▶ _What is needed_: Every line of the material must be restated exactly, though not its pictures.

** Opening Information supplied block **

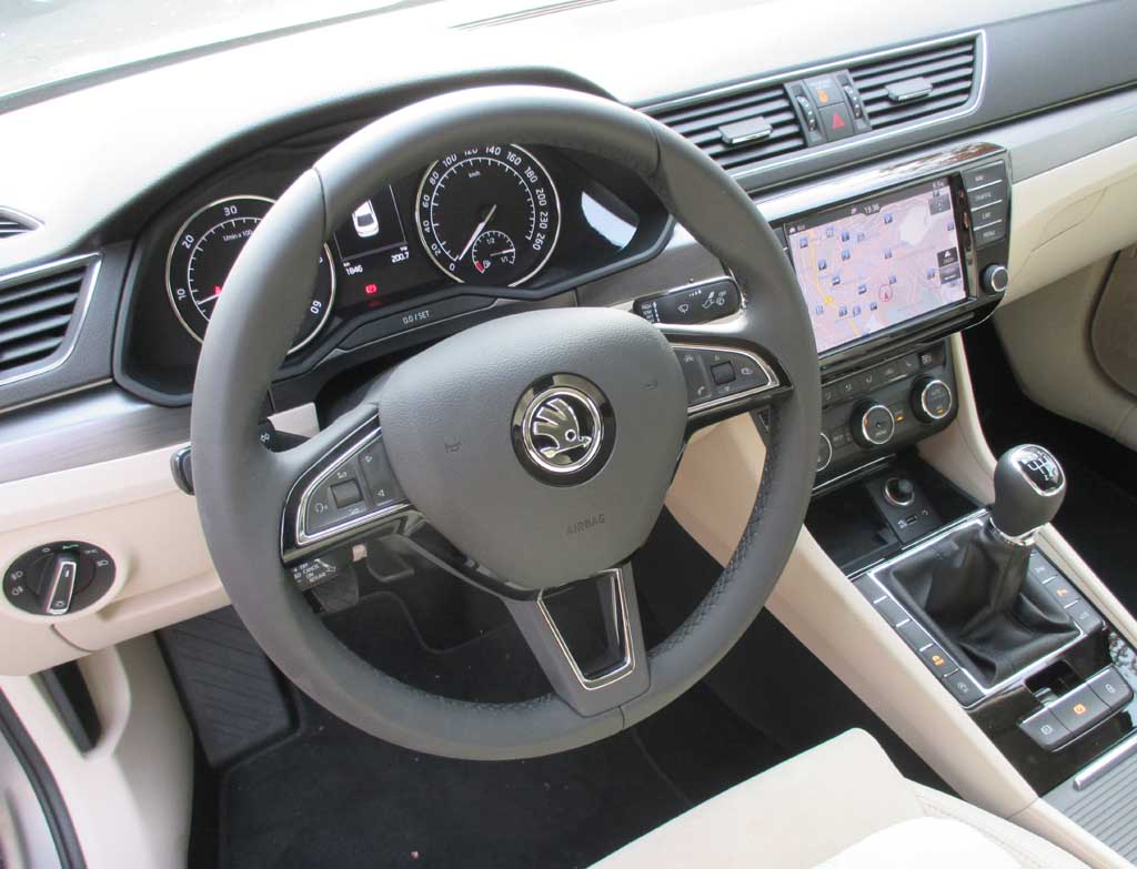 Bei dem getesteten Vierzylinder handelt es sich um einen 2,0-Liter mit 150 PS und durchzugsstärkeren 340 Newtonmetern schon früh ab 1750 Touren. Der Selbstzünder macht diesen Skoda in der Spitze 220 Stundenkilometer schnell. Ein gut abgestuftes Sechsgang-Schaltgetriebe überträgt die Kraft auf die Räder. Die in Verbindung mit der Stopp/Start-Spritspartechnik angegebenen vier Liter Mixverbrauch haben wir leider nicht erreicht. Bei uns hat der Bordcomputer am Ende nach meist Stadt- und doch auch etwas zügigeren Autobahnfahrprofilen trotzdem immer noch bemerkenswerte 5,1 Liter angezeigt.
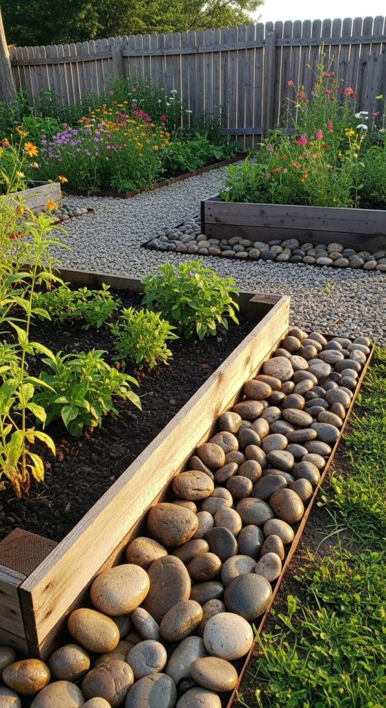 Line the outer edges of your pallet bed with river stones, pebbles, or broken tile inserts.
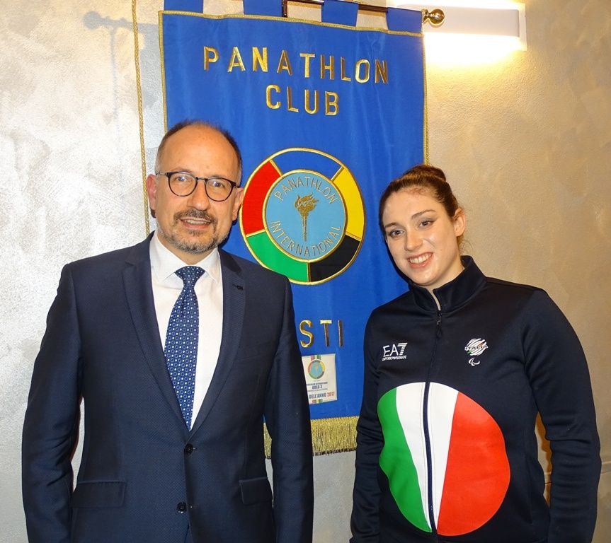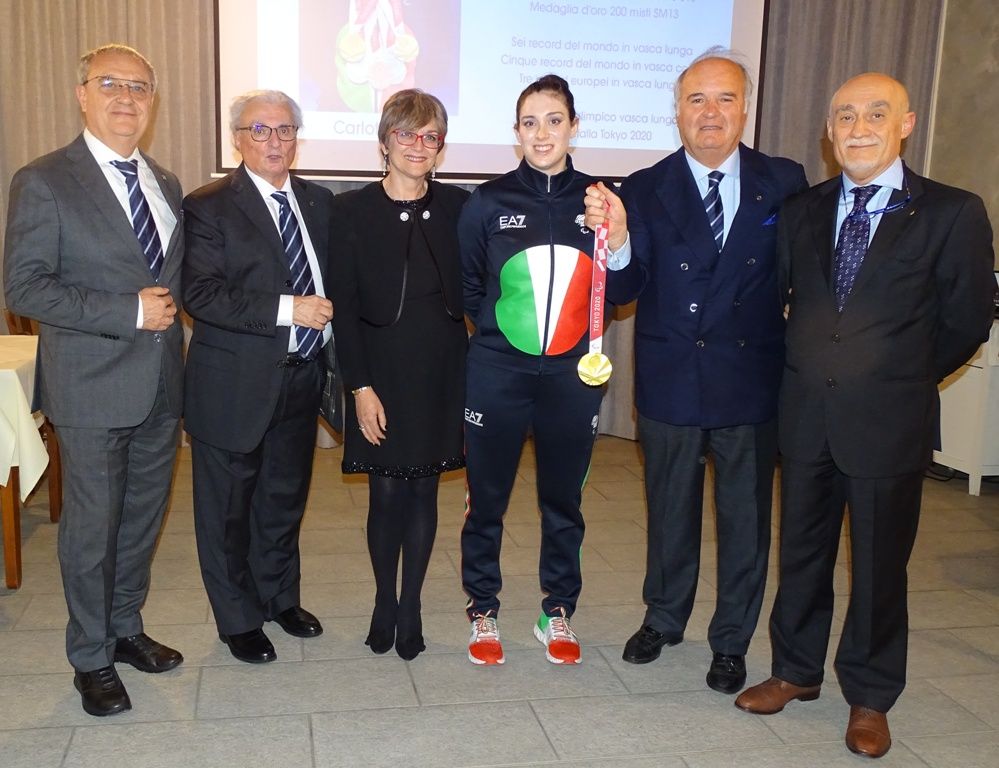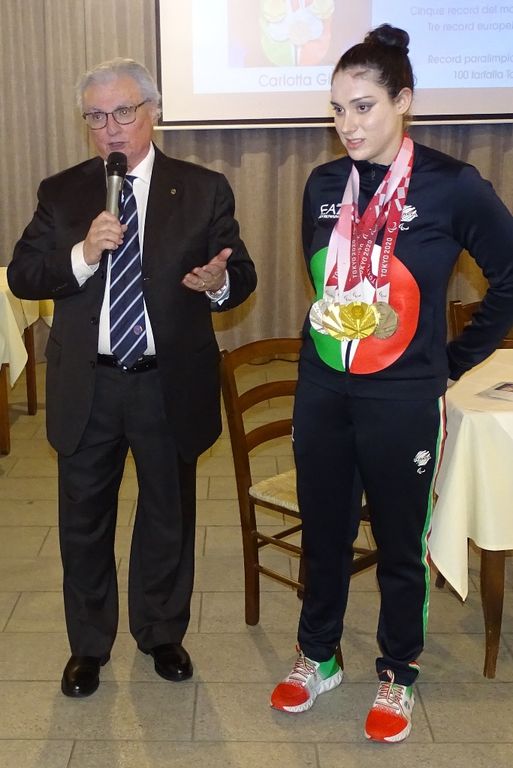 La prima Conviviale di Ezio Mosso in veste di presidente del Panathlon Club Astigiano è stata caratterizzata dai cinque cerchi olimpici portati ‘in dote’ dall’ospite della serata. Ovvero Carlotta Gilli, nuotatrice torinese, pluricampionessa paralimpica a Tokyo 2020, affetta dalla malattia di Stargardt. Tesserata per la Rari Nantes Torino e per il G.S. “Fiamme oro” della Polizia di Stato ed “Ambasciatrice” Telethon.

** Closing Information supplied block **

▶ _Your response_:
 Bei dem getesteten Vierzylinder handelt es sich um einen 2,0-Liter mit 150 PS und durchzugsstärkeren 340 Newtonmetern schon früh ab 1750 Touren. Der Selbstzünder macht diesen Skoda in der Spitze 220 Stundenkilometer schnell. Ein gut abgestuftes Sechsgang-Schaltgetriebe überträgt die Kraft auf die Räder. Die in Verbindung mit der Stopp/Start-Spritspartechnik angegebenen vier Liter Mixverbrauch haben wir leider nicht erreicht. Bei uns hat der Bordcomputer am Ende nach meist Stadt- und doch auch etwas zügigeren Autobahnfahrprofilen trotzdem immer noch bemerkenswerte 5,1 Liter angezeigt.
 Line the outer edges of your pallet bed with river stones, pebbles, or broken tile inserts.
 La prima Conviviale di Ezio Mosso in veste di presidente del Panathlon Club Astigiano è stata caratterizzata dai cinque cerchi olimpici portati ‘in dote’ dall’ospite della serata. Ovvero Carlotta Gilli, nuotatrice torinese, pluricampionessa paralimpica a Tokyo 2020, affetta dalla malattia di Stargardt. Tesserata per la Rari Nantes Torino e per il G.S. “Fiamme oro” della Polizia di Stato ed “Ambasciatrice” Telethon.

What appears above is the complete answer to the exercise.